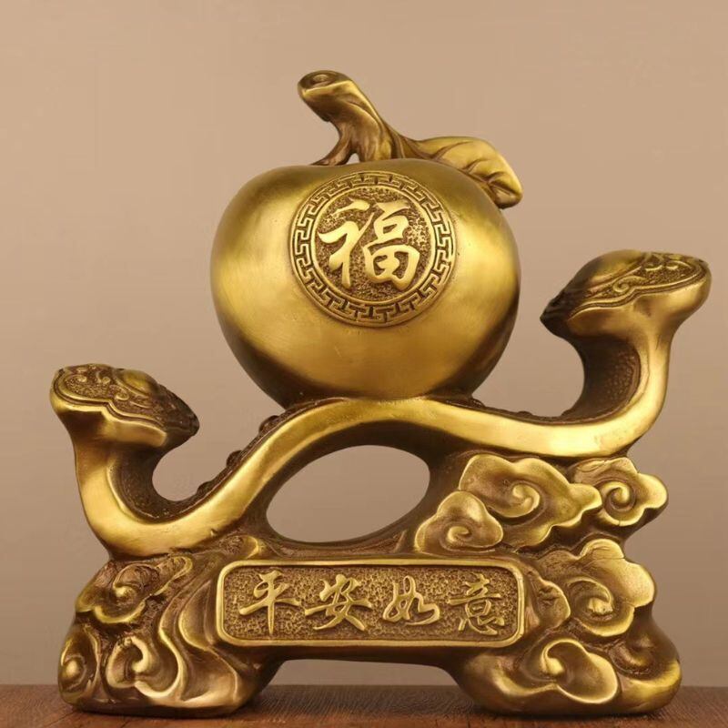 リンゴ りんご 置物 オブジェ 風水 インテリア 平安如意 銅製 福字 如意棒 金運 開運 財運 招福 家庭運 健康運 商売繁盛 成功運 飾り物 縁起物 吉祥物 プレゼント 贈答品 リビング 玄関 デスク 伝統彫刻 お守り 成就祈願 和合繁栄 金色 運勢アップ | 幸せの置場
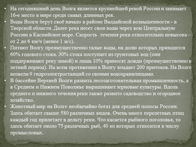 На сегодняшний день Волга является крупнейшей рекой России и занимает 16-е место в мире среди самых длинных рек.
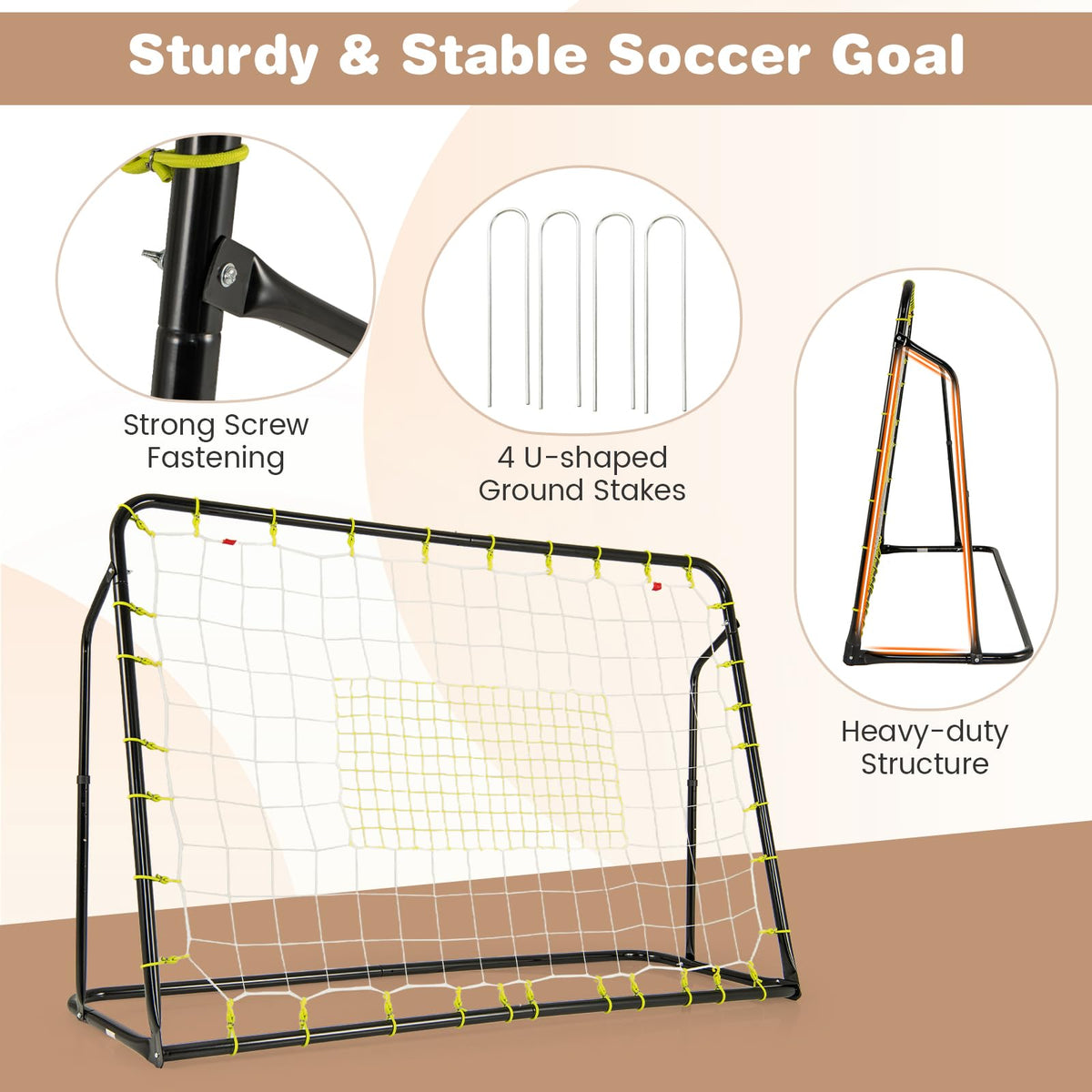 - Solid & Sturdy Structure: This soccer goal set features superior galvanized metal pipes to ensure outstanding sturdiness. Besides, the strong screw fastening and 4 U-shaped ground stakes improve overall stability and steadiness.
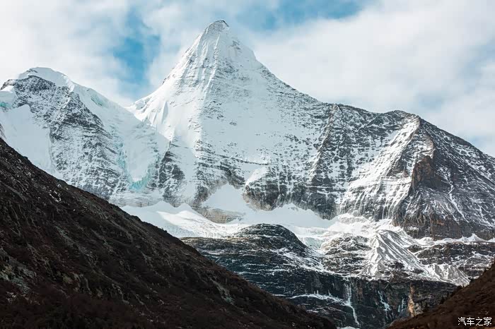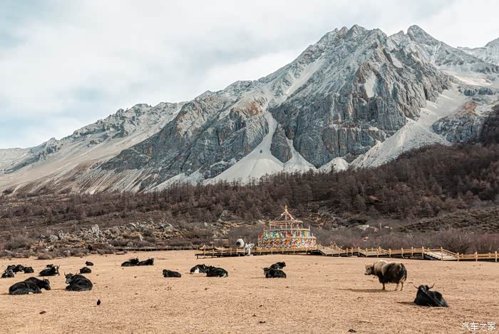 乘坐景交车直达洛绒牛场,刚一下车,跃入眼帘的就是如金字塔般高耸入云的央迈勇神山,洁白的雪峰下面可以看到纯净的冰川,海拔较低的花岗岩岩体将其包围。
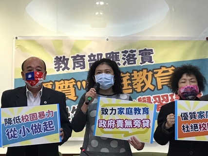 教家長比教孩子更有效!跨縣市教師工會聯合於1日召開記者會聯合呼籲,重視家庭教育才是校園暴力的解方。國民黨立委葉毓蘭說,孩子會從家庭暴力中,耳濡目染學到處理情感的錯誤方式。苗栗教師職業工會理事長胡延龍則說,...
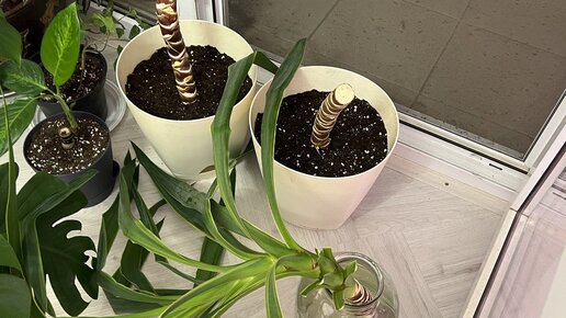 ОБРЕЗКА ЛИСТЬЕВ У ЦВЕТОВ. ПАНДАНУС. ВИНТОВАЯ ПАЛЬМА .ОБНОВИЛА СВОЙ ОАЗИС
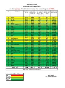 इसी प्रकार, रायपुर जिले में 461.5 मिमी, बलौदाबाजार में 601.8 मिमी, गरियाबंद में 563.7 मिमी, महासमुंद में 411.9 मिमी, धमतरी में 591.9 मिमी, बिलासपुर में 481.5 मिमी, मुंगेली में 526.7 मिमी, रायगढ़ में 392.6 मिमी, सारंगढ़-बिलाईगढ़ में 233.0 मिमी, जांजगीर-चांपा में 435.2 मिमी, सक्ती में 329.5 कोरबा में 572.7 मिमी, गौरेला-पेण्ड्रा-मरवाही में 468.3 मिमी, दुर्ग में 335.8 मिमी औसत वर्षा दर्ज की गयी।
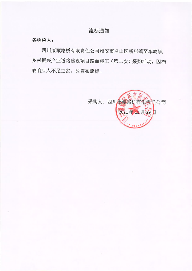 四川康藏路橋有限責(zé)任公司雅安市名山區(qū)新店鎮(zhèn)至車(chē)嶺鎮(zhèn)鄉(xiāng)村振興產(chǎn)業(yè)道路建設(shè)項(xiàng)目路面施工(第二次)流標(biāo)通知
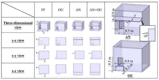 This study took into account four different façade configurations: flat façade (FF), façade with only outdoor units (OU), façade with only 1 m-long awnings (AN), and façade with both outdoor units and 1 m-long awnings (AN + OU) (Figure 2). Each room had a window measuring 0.5 m × 0.9 m, and this window remained fully open during the simulation. The outdoor unit was installed directly beneath the window, with its dimensions being 0.8 m × 0.3 m × 0.5 m. The width of the awning was equal to that of a single room (3 m), and it had a certain overhang length . In the simulation, varied between 0.5 m and 1.5 m, and the awning formed an angle of 10° with the horizontal plane.
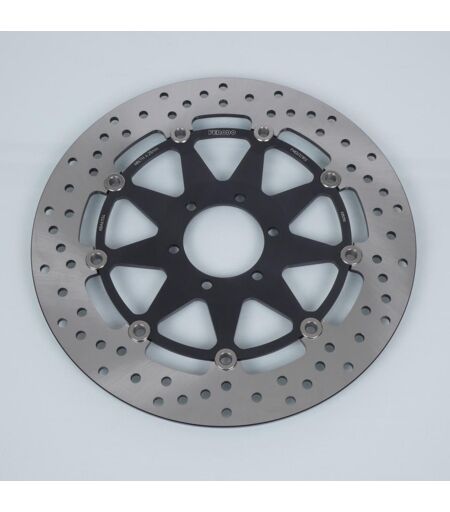 Disque de frein avant flottant rond en acier neuf de marque Ferodo, référence FMD0121RX. Dimensions : - Diamètre extérieur : 300mm. - Diamètre intérieur : 64mm. - Épaisseur : 5mm. - Nombre de trous : 6. - Diamètre des trous de fixation : 8.5mm. - Entre axe des trous de fixation : 80mm. - Déport : 10mm. Convient en remplacement des références origine suivantes : - Yamaha : 3 HE 2581T 00 / 3CV 25830 00 / 3CV 25830 10 / 3CW 2581T 00 / 3RG 2581T 00 / 4HM 2581T 00 / 4HM 2581T 11 / 3CW 2582T 00 / 4HM 2582T 21. - Moto Guzzi : 306133000. Vendu à l'unité. Livré conforme à la photo. ...
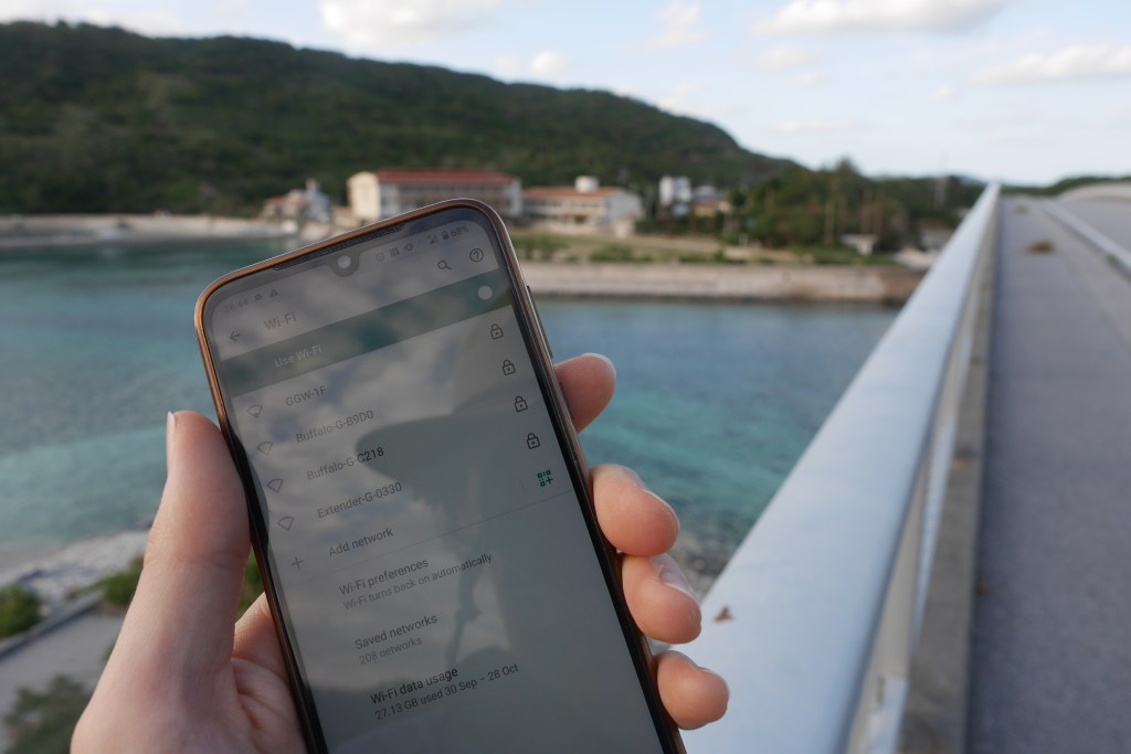 As part of an experiment to see how far WiFi extended along the islands, I took out my phone and was able to see a bunch of networks at the far end of the bridge to Fukaji. Even in this paradise you can still see at least four networks. It’s the clash between Japan’s desire to preserve the surrounding environment and the relentless march of technology. But hey, if I can have 70 Mbps internet and sit on a beach with white coral sands in the middle of nowhere, sign me up.
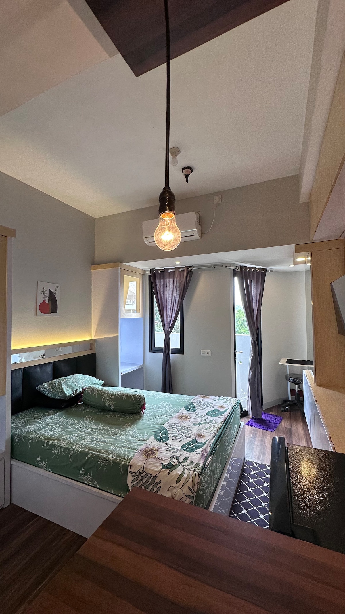 Apartamento tipo estudio de estilo minimalista pero cálido, estratégicamente ubicado cerca de varias universidades de renombre en Malang, como UMM, UNISMA, UIN, BRAWIJAYA, POLINEMA, ITN y a solo 5 minutos de la ciudad turística de Batu. Tiene una hermosa vista directa al monte Arjuno con instalaciones públicas completas como 2 piscinas (pública y privada para mujeres), gimnasio, pista de fútbol sala, minimercado y cafetería.
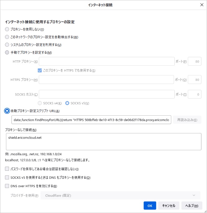 ※ SAML認証している場合、Shield CloudはユーザーのSAML認証のために「shield.ericomcloud.net」を経由してSAML認証サイトへ遷移します。そのため、「プロキシーなしで接続」には、「shield.ericomclooud.net」を設定する必要があります。
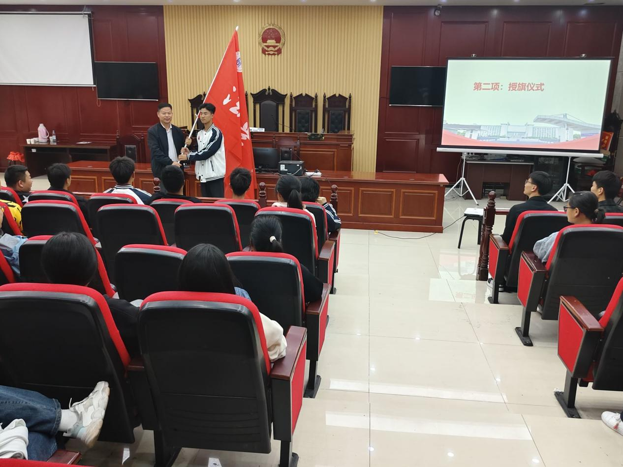 随后,马健向运动员代表团授旗。2023级法学1班学生程筠欣代表运动员发言并领誓,2023级行政管理2班学生李文馨代表志愿者发言。

--------------------------------------------------

Problem to solve:
A verbatim reproduction is expected: starting at the line above that has "- Solid & Sturdy", ending at the line that has "教家長比教孩子更有效!跨縣市", both included, and with no pictures and no other lines.

Answer to the exercise:
 - Solid & Sturdy Structure: This soccer goal set features superior galvanized metal pipes to ensure outstanding sturdiness. Besides, the strong screw fastening and 4 U-shaped ground stakes improve overall stability and steadiness.
 乘坐景交车直达洛绒牛场,刚一下车,跃入眼帘的就是如金字塔般高耸入云的央迈勇神山,洁白的雪峰下面可以看到纯净的冰川,海拔较低的花岗岩岩体将其包围。
 教家長比教孩子更有效!跨縣市教師工會聯合於1日召開記者會聯合呼籲,重視家庭教育才是校園暴力的解方。國民黨立委葉毓蘭說,孩子會從家庭暴力中,耳濡目染學到處理情感的錯誤方式。苗栗教師職業工會理事長胡延龍則說,...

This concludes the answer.